It's been real, it's been fun - and occasionally it was really fun. But not in my recent recollection. If you want to get hold of me, my email will be there. You can find me playing usually on East Coast Tribes2 servers, and sometimes on a Q3F one. But usually I'm just working. To all the true believers out still there - keep fighting the good fight, while the flame still burns. Just don't let get to the point where it starts to take you down - learn when to walk away before you become bitter and spiteful.

Totentanz out. *salute*

Thursday, 12 April 2001 1430Z
Player Accountability... -Teatime

The biggest problems for online games are not bugs or lag. The biggest problem for online games are people displaying poor and inconsiderate behaviour on public servers.

It is very annoying to be confronted with lamers, who blocks passages or teamkills, or cheaters abusing bugs or using external means to gain an unfair advantage. But even more annoying, because far more common, are people acting like asses by using foul language, by insulting fellow players or simply by acting like spoiled little children. We all witness all kinds of poor behaviour far too many times when playing the pubs. The general lack of teamwork and proper approach is bad enough, but having people spamming nonsense or insults on mm1, doing their worst to piss off other players and to - deliberately or not - ruin the game for others.

People feel encouraged or even entitled to such behaviour because they feel not to be accountable for their actions. The worst thing that can happen to them is being banned from that particular server for their behaviour, which on top requires an admin to be present. On unmonitored servers a player can get away with all kind of behaviour without any repercussions.

In real life a group of people would apply social pressure to people misbehaving. If social pressure would fail people would still have other means to uphold an appropriate code of behaviour (either by talk, by exclusion or different kinds of punishment). Yet most of these means don't exist in online games or don't apply to the world of online games. What makes things worse is the anonymity of the player. People can act poorly rather anonymously by playing under different names.

With the increasing size of the online playing community the problem gets worse every day. The fact that there's a large percentage of young people playing who have not yet learned to act responsibly in real life or deliberately enjoying the freedom of acting against such rules isn't exactly helping (note: I do not accuse young people in general of showing poor behaviour, I merely point out that young people more likely display such behaviour). Repercussions are very limited, as mentioned. Being banned on one server still leave a couple of hundred other servers to pester. And those large commercial servers will sadly always be safe territory of lame behaviour of any kind.

This has to change, for the sake of the future of online games. IMO we need to held people accountable for the behaviour they show when playing with other people.

The question at hand is how to accomplish that ...

The means are there.

People showing poor behaviour can be gagged, kicked or banned.
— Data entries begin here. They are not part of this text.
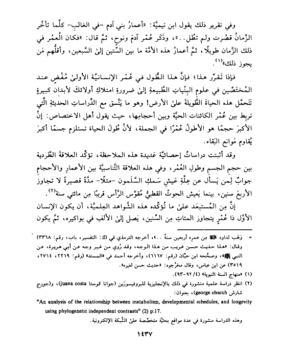 وقد أثبتت دراساتٌ إحصائيَّة عَديدة هذه الملاحظة، تؤكِّد العلاقةَ الطَّردية بين حجمِ الجسمِ وطولِ العُمْر، وفي هذه العلاقة التَّناسبيَّة بين الأعمارِ والأحجامِ جوابٌ لِمن يَسأل عن عِلَّةِ عَيشِ سَمكِ السَّلَمون -مثلًا- مدَّةً قصيرةً لا تجاوز الأربعَ سنين، بينما يَعيش الحوتُ القطبيُّ مُقوَّس الرَّأس قريبًا مِن مائتي سنة (¬٢).
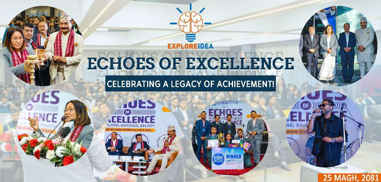 ग्लोबल कलेजको सभा हलमा Explore Idea द्वारा आयोजित “Echoes of Excellence: Explore, Engage, Enjoy” कार्यक्रम भव्य रूपमा सम्पन्न भएको छ। कार्यक्रमलाई प्रमुख प्रायोजक गुरुकुल सि ए, ए सि सि ए पार्टनर सर्टिफाइड कलेज अफ अकाउन्टेन्सी (सि सि ए) लगायत विभिन्न साझेदारी संस्थाहरुले प्रायोजन गरेका थिए। कार्यक्रम तिन चरणमा सम्पन्न भएको थियो, जसअन्तर्गत पहिलो चरणमा Idea Pitching Contest, दोस्रो चरणमा “Business Culture in Nepal” विषयक अन्तरक्रिया कार्यक्रम र तेश्रो चरणमा Kali Prasad Baskota & Sathi Bhai को साङ्गितिक प्रस्तुती एवं मनोरञ्जनात्मक कार्यक्रम समावेश थिए।
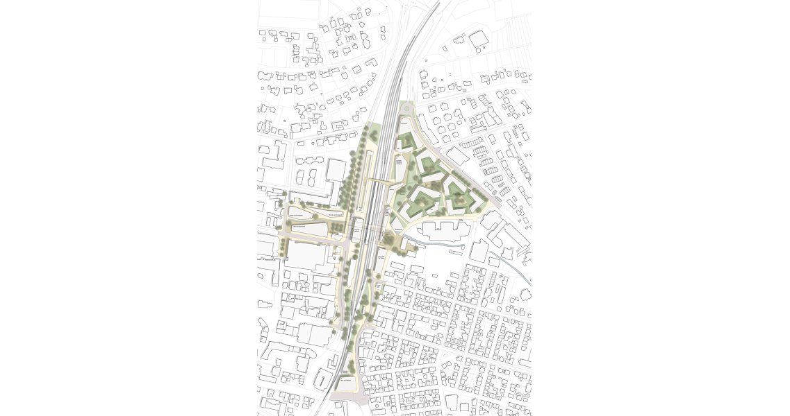 Das Bahnhofsgelände der Stadt Nürtingen soll auf beiden Seiten der Gleise städtebaulich ergänzt werden. Dabei ist der Verbindung beider Gebiete besondere Aufmerksamkeit zu schenken.
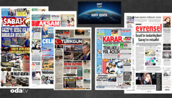 7. Milletlerarası Savunma Sanayii Fuarı IDEF 2025 başladı. 103 ülke ve milletlerarası kuruluşun katıldığı fuar gazeteleri ikiye böldü. Fuarı ve savunma sanayimizi öven yayınların karşısında, iştirakçi listesinde yer alan ve İsrail'e silah tedariği yapan firmaları manşete taşıyan gazeteler var.

Bans can range from minutes to lifetime. Creating a single WON-ID prior to the last patch was very helpful as well.
Kicking or banning a player is a - granted: poor - method of holding a person accountable for his actions. Now as mentioned banning does not teach much of a lesson when this particular player can just join the next server and continue his lame behaviour.

But imagine - just speaking theoretically for a moment - being banned on one server would deny a person to play at any server for... let's say ... 24 hours! Don't you think people would think twice before they teamkill, before they spam profanity or insults? And let's assume being banned a second time would deny access to any server for 48 hours. It would be so easy to teach people to act more friendly and responsible.
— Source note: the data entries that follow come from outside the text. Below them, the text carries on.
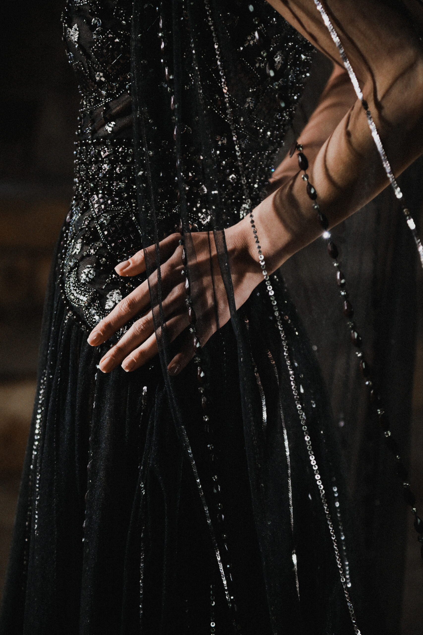 Deep velvet intertwines with sheer tulle; fitted tailoring meets soft, flowing drapes. Ethereal silks in pale hues contrasting with intense blacks and rich metallics. Sharp lines and bold tailoring blend seamlessly with delicate pleats and feminine fluidity. Strength is softened by vulnerability; love, by hate. The beautiful, the broken. All of it exists within us. The threads of our soul woven from both fragility and resilience, in the ever-evolving push and pull of being human.
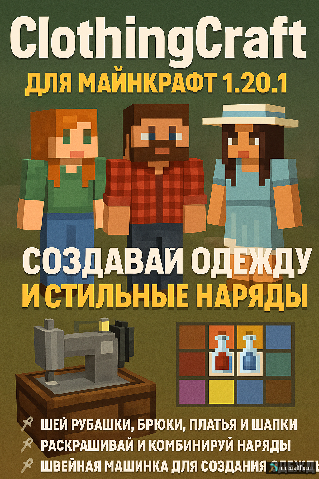 ClothingCraft — мод на кастомную одежду, позволяющий игрокам шить, красить и носить разные костюмы и наряды. Отличный вы...
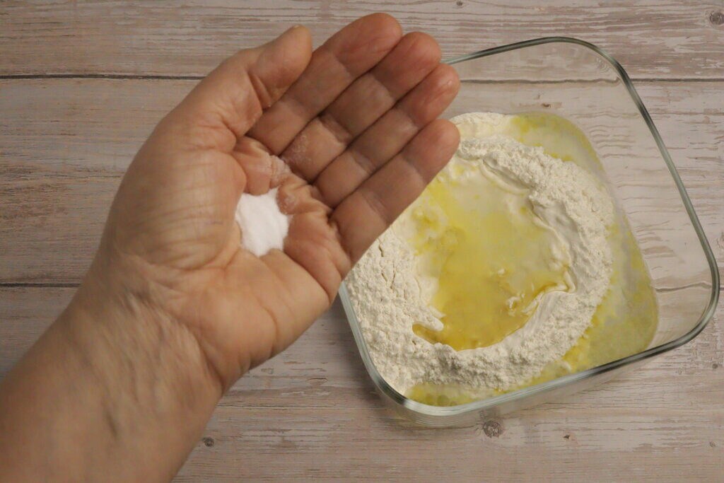 Voeg de extra vierge olijfolie toe aan de bloem in een kom, maar je kunt het ook direct op het werkblad doen.
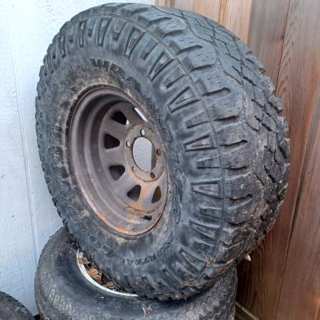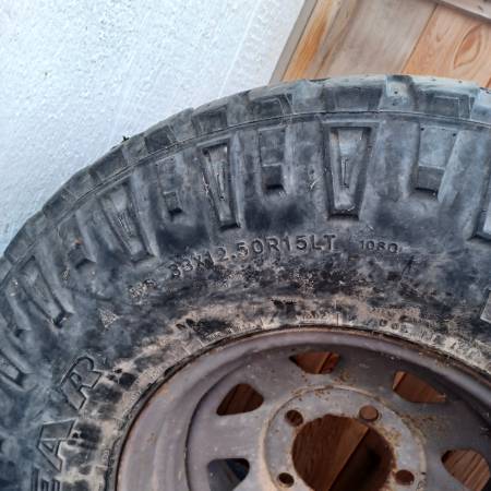 One Used 33/12/15 wrangler tire and rim 5 on 5 1/2 lug pattern steel rim 10-20% tread Good for a spare

Yet this is at most part just a sweet dream for a number of reasons.

1) The game companies could not pull off such a system gameside. Legally they would have no right to deny people playing the game they'd paid for.
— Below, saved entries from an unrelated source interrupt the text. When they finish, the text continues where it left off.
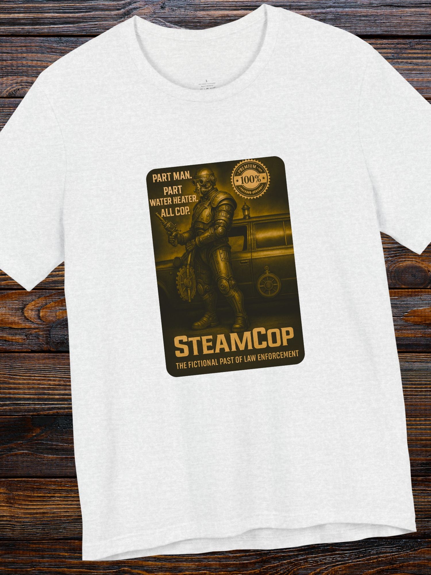 Vintage Steampunk Cyber Cop "SteamCop" Tee Unisex Short Sleeve Tee, for vintage Sci-Fi Fans. Think modern cops have a high pressure job? Forget about it! Steam Cops where under way more pressure! Imagine a mech water heater trying to do paperwork, things were extremely fictitiously hard back then! A good gift for steampunk fans, law enforcement and fans of cyborg cop movies. Printed on a quality Bella+Canvas 3001 T-shirt.
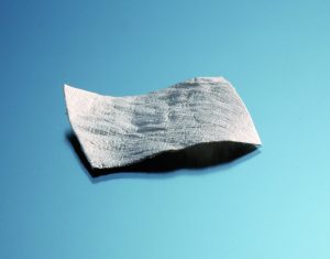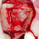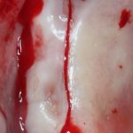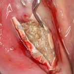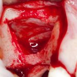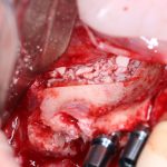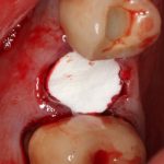 — я использовал барьерную мембрану Geistlich Bio-Gide, которая имеет две разные поверхности: с одной стороны она рыхлая «адгезивная», с другой — гладкая и прочная. Как укладывать — на результат не влияет, но в плане удобства рыхлую поверхность мы «приклеиваем» к тому, на чем требуется барьерную мембрану удержать. В данном случае хотелось бы удержать её на костной поверхности — следовательно, мы укладываем её рыхлой поверхностью к кости.
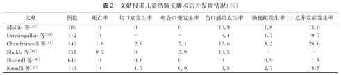 文献报道儿童结肠关瘘术后并发症情况(%)
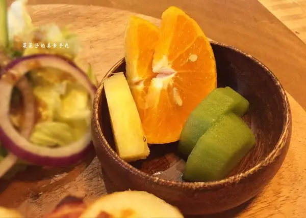 主餐吃完,旁邊還有富含營養素及纖維質的水果跟沙拉,
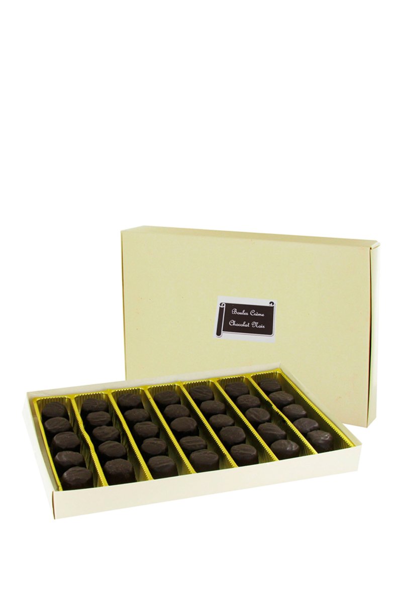 Ingrédients : chocolat noir 70% de cacao, pâte de cacao, sucre, beurre de cacao, glucose, vanilline, émulsifiant : lécithine de soja sans OGM, sorbitol, arôme naturel de vanille. Pur beurre de cacao.
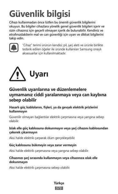 Le non-respect des consignes de sécurité peut entraîner des blessures graves, voire la mort N’utilisez pas de prises et de cordons d’alimentation endommagé(e)s ou de prises électriques mal fixées Les branchements non sécurisés engendrent un risque d’électrocution ou d’incendie. Ne touchez pas le cordon d’alimentation avec les mains mouillées et ne déconnectez pas le chargeur en tirant sur le cordon Vous risquez de vous électrocuter. Ne tordez et n’endommagez pas le cordon d’alimentation Vous risquez de vous électrocuter ou de provoquer un incendie. N’utilisez pas l’appareil avec les mains mouillées ou lorsque celui-ci est en cours de chargement Vous risquez de vous électrocuter.
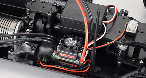 Der DRX VE wird als ReadySet mit dem neuen 2.4GHz Syncro KT-200 Fernsteuersystem geliefert. Das Herzstück des DRX VE ist die Team Orion Vortex Brushless Einheit, die dem Modell auch seinen Namen verleiht. Der Team Orion Vortex 10 Motor ist mit einer 3,17 mm Welle ausgestattet und verfügt über feine Verrippung zur perfekten Wärmeableitung. Der 2.400-KV-Motor ist sensorlos und liefert eine maximale Drehzahl von 28.000 U/min. Die Ansteuerung des Motors erfolgt durch den brandneuen Team Orion Vortex R10 Sport Regler, der speziell für Modelle im Maßstab 1:9 konzipiert worden ist. Der Regler verfügt über einen großzügig dimensionierten Lüfter, der während des Fahrbetriebs permanent aktiv ist. So werden unerwünschte Temperaturspitzen an den elektronischen Bauteilen wirksam vermieden. Der Vortex R10 Sport Regler verfügt über die Funktion vorwärts - Bremse - rückwärts und eine automatische Erkennung der Zellenzahl mit Unterspannungsabschaltung zum Schutz der LiPo-Zellen und kann mit Hilfe der optional erhältlichen Setting Box R (#ORI65150) individuell programmiert werden.
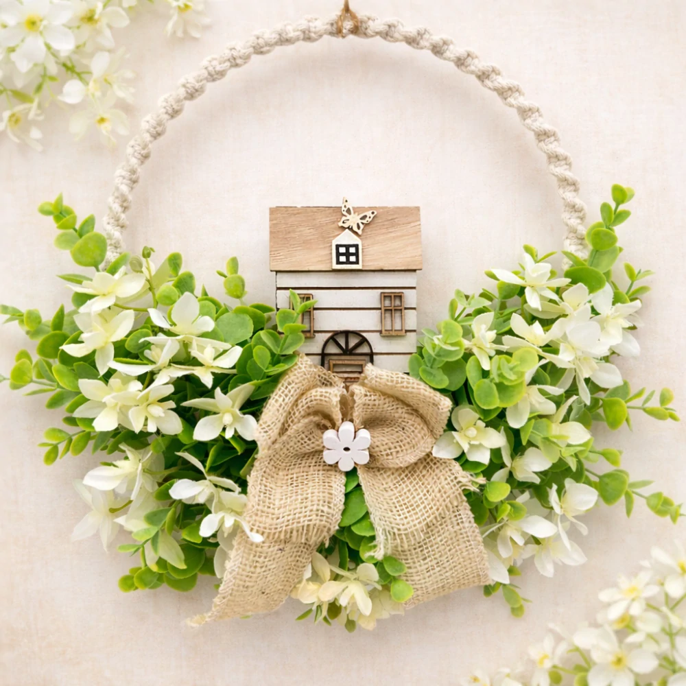 Jemný a svěží jarní věnec, který vnese do vašeho domova pocit pohody a útulnosti. Dominantou je dřevěný domeček doplněný bohatou zelení a drobnými kvítky v přírodním stylu. Nechybí ani jutová mašle, která dodává věnci rustikální kouzlo.

2) We will have to acknowledge that mentioned commercial servers will never do anything else than running a game by default values. They don't admin or even monitor the servers. Such servers would never be actively part of such a system, and likely not passively as well.

3) The standards of which behaviour would be poor or lame will always differ between people. Profanity is a big issue to one, but no issue at all to another. Respawn camping is lame to some, but valid to others. On top of that admins are not free of personal prejudice and character flaws. An admin might ban a person for personal reasons regardless of that person's general behaviour.

Yet I think many admins could create a common ground on which to act. Cheating is an easy issue. Many kinds of lame behaviour, like teamkill, hiding with flags or blocking passages should be easy as well. And I would hope that many admins would support such annoying behaviour as message spams or profanity as well. Remember that in my example I spoke of a limited ban. We are not talking of severe punishment, more of a friendly clap on the fingers, as a reminder.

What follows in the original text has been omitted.